The simple fact is that our kids are so busy and so distracted that they often don’t get enough sleep. Are you aware that children need 10 hours of sleep each night? When they miss sleep then they tend to try to make up that sleep by napping or sleeping late on the weekend. We don’t want our kids to be falling asleep at school. When they don’t sleep properly they lose focus at school. It is even thought that a lack of proper rest can lead to weight issues, as they may use food as a way to keep going when they are fatigued. Sleeping is vital to health. Even the immune system can be affected by a lack of rest.

Let’s talk about ways to help kids get a proper night’s rest!

  • Get the electronics out of the bedroom. The bedroom should be a screen free zone. No TVs, video games, phones or iPad’s in the bedroom. Even when off, these items trigger our brain into thinking about the devices. Kids with devices in the bedroom tend to have lower grades in school and more sleeping problems. The bedroom needs to be a peaceful, quiet place to read and sleep.
  • If possible, have a quiet area for the child to study outside of the bedroom. That way the bedroom can serve only for recreational reading and sleep. We are hard-wired as animals, and need a quiet dark den to settle down after a busy day. If there’s a stack of books in their room, you can imagine that it may trigger anxiety about school. What if you had to sleep next to a pile of your work?
  • Teach proper sleep hygiene.

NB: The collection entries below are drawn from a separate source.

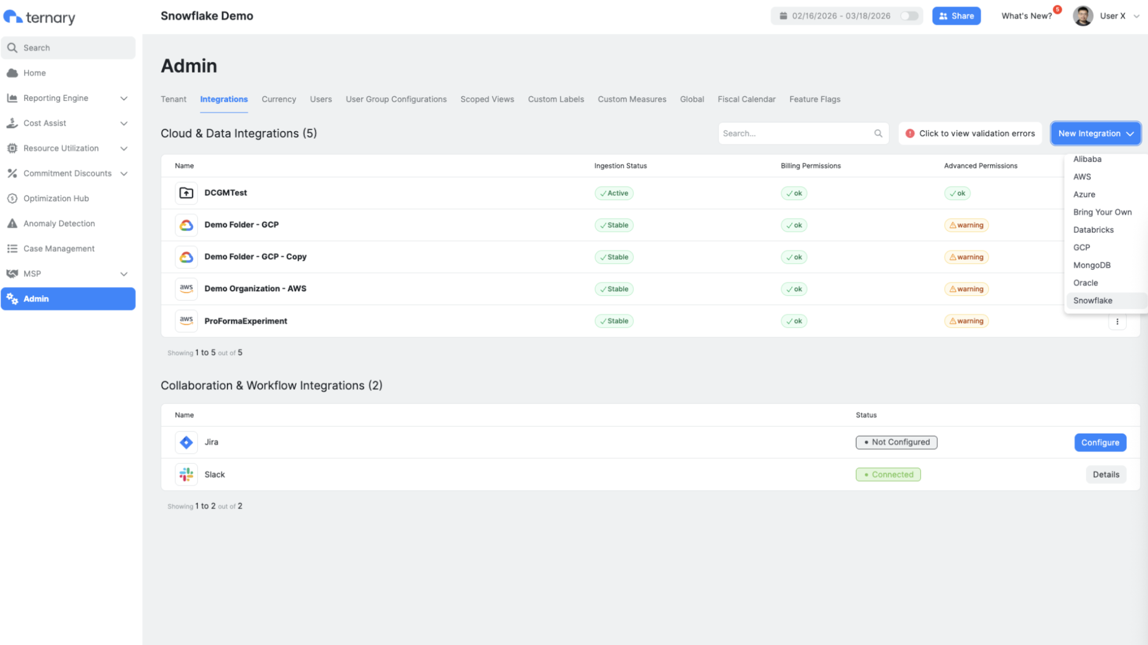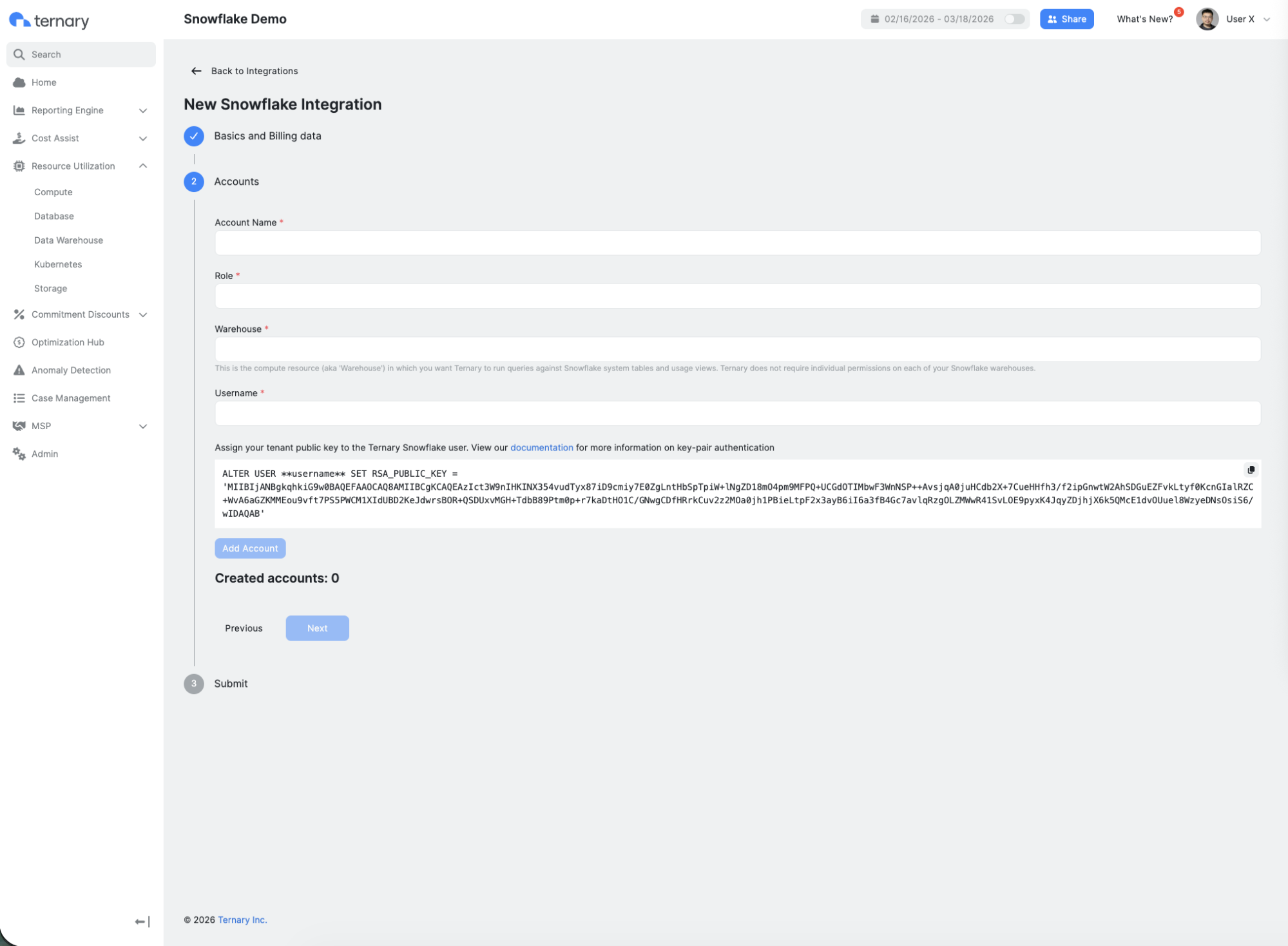 After gathering the required information, configure the Snowflake integration in Ternary.
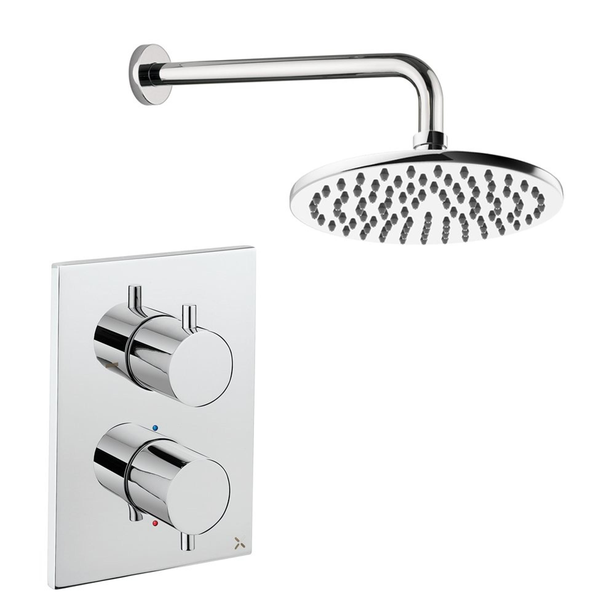 Crosswater MPRO Ensemble de douche de tête encastré - 2 poignées - pommeau de douche 20 cm - bras de douche mural - chrome
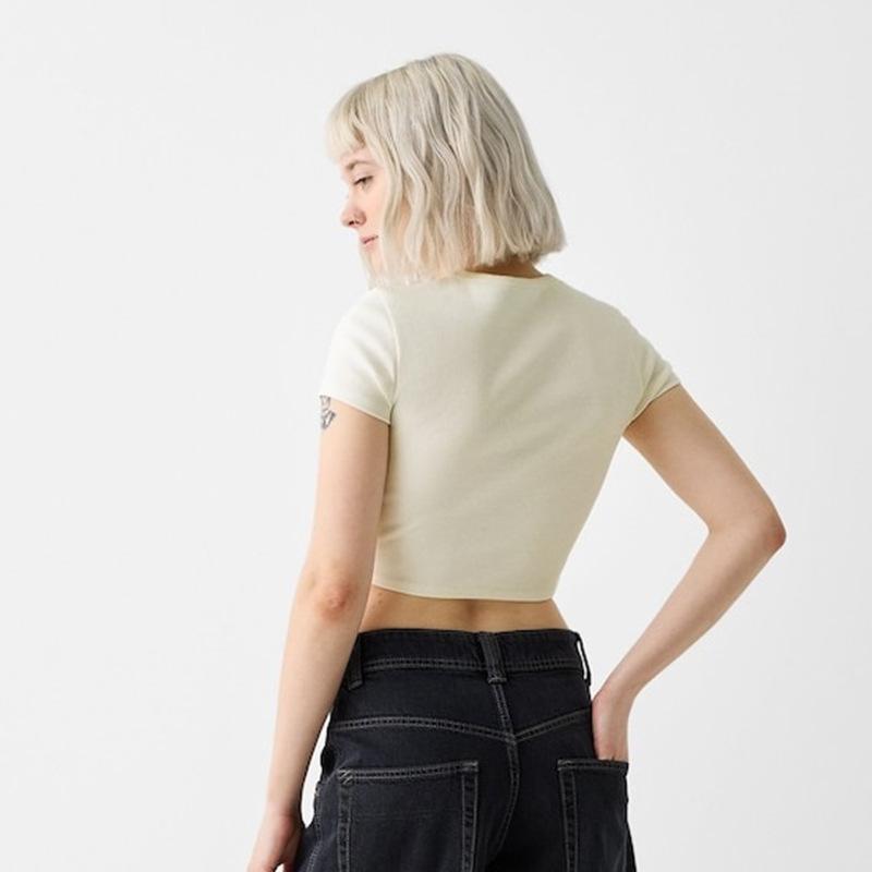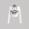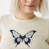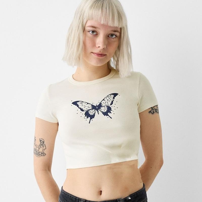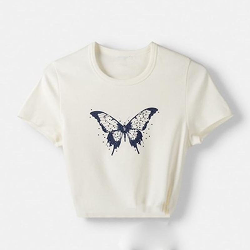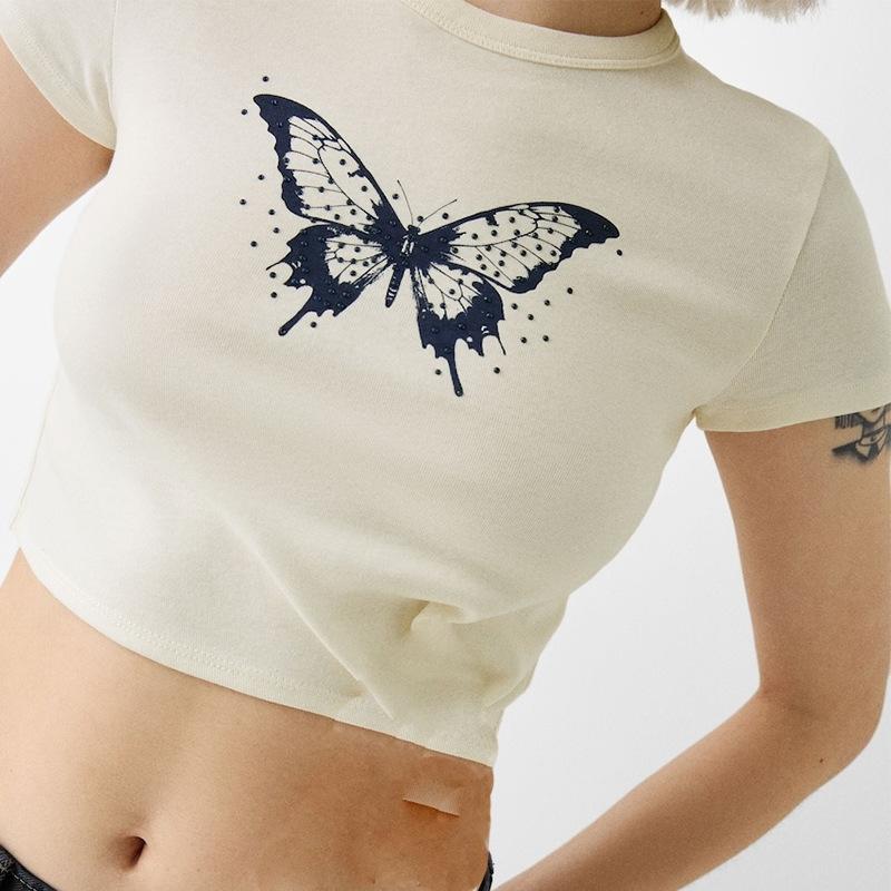 2024 Nuevo ins moda casual estampado de mariposa pedrería ajuste ceñido verano y otoño moderno camiseta de punto de cuello redondo para mujer

By that I mean that you should encourage a regular schedule before bedtime, such as bath, book and bed. By doing so the routine allows for the child to anticipate the appropriate time to rest. 
  • Try to set regular and consistent times to get up and go to bed, even on the weekends. Being consistent helps kids to get into a rhythm.

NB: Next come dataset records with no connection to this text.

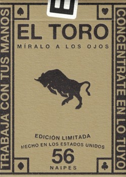 The United States Playing Card Company printed El Toro right here in the United States on their Classic Bicycle Card Stock. The cards have an air-cushioned finished and handle to the same high standards of any deck printed by USPCC. Full Deck Scan: https://cardscans.piwigo.com/index?/category/378-el_toro
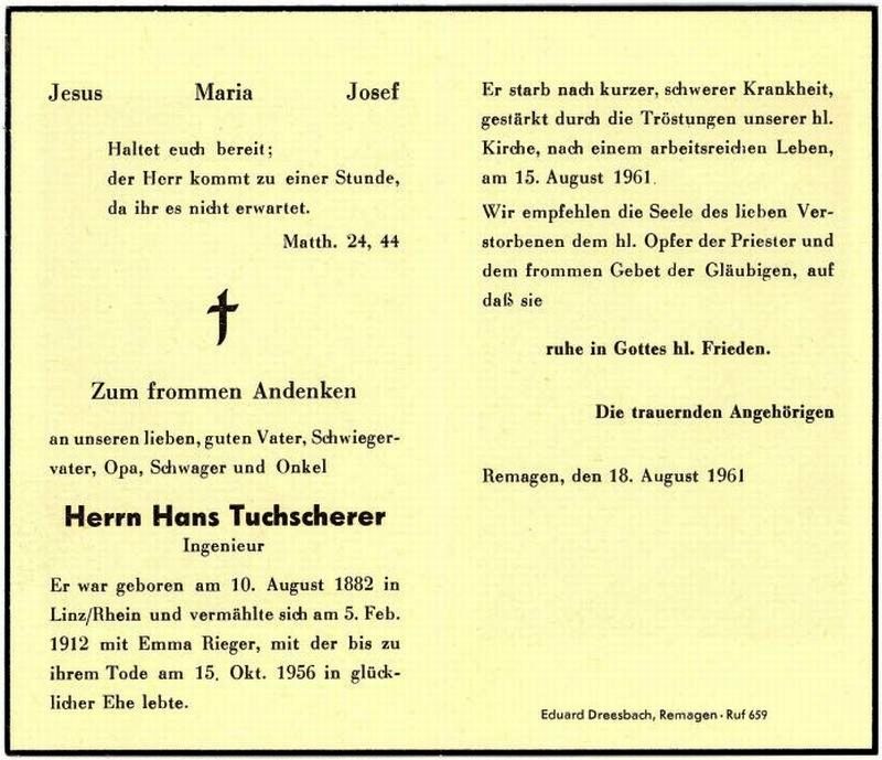 | ∞ 05.02.1912 mit Emma Rieger, 15.10.1956 †; Ingenieur; |
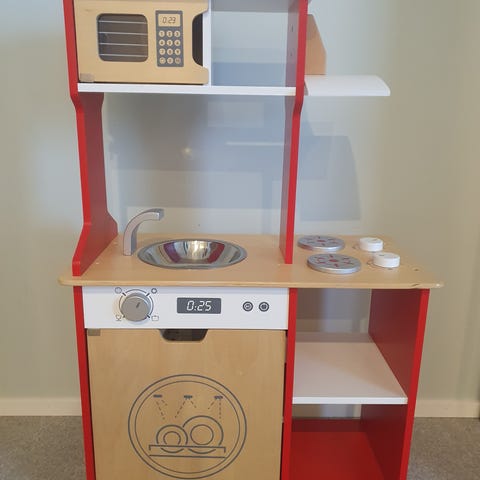 Ikean hyväkuntoinen leikkikeittiö, jossa paljon ruokatarvikkeita.

  • When going back to school after a summer holiday, gradually increase the wake times by 15 to 30 minutes each day in order to prepare them to go back to school. For example, if your kids sleep until 9am during the summer, then wake them at 8:45 am, then 8:30 am, then 8:15am, etc. until they are back on schedule. Do the same for bedtimes.
  • Avoid caffeinated beverages, especially at dinner time or after. 
  • Discourage kids from sneaking into the parent’s bed. If they wake you with a bad dream, get up, hug them, and tuck them safely in their own bed before heading back to yours. Be consistent.
  • If your child needs to get up at 7am, then they need to be settling in bed by 8:30pm in order to be able to drift off by 9pm.
  • If your child struggles to get to sleep, talk to your pediatric health care provider about the use of melatonin. It comes in 3mg and 5mg and is an herbal substance which naturally relaxes and is thought safe for children. It is taken 1 hour before bedtime to aid sleep issues. Always discuss the use of any substance, even herbal substances, with your pediatric healthcare provider to see if it is safe for your child. 

Helping your kids get enough sleep will keep them healthier, happier and lots less crabby. It can also assist them academically in the classroom. It may be worth limiting their extra-curricular activities to be sure that they can get their proper rest. Just talking about it makes me tired…. goodnight!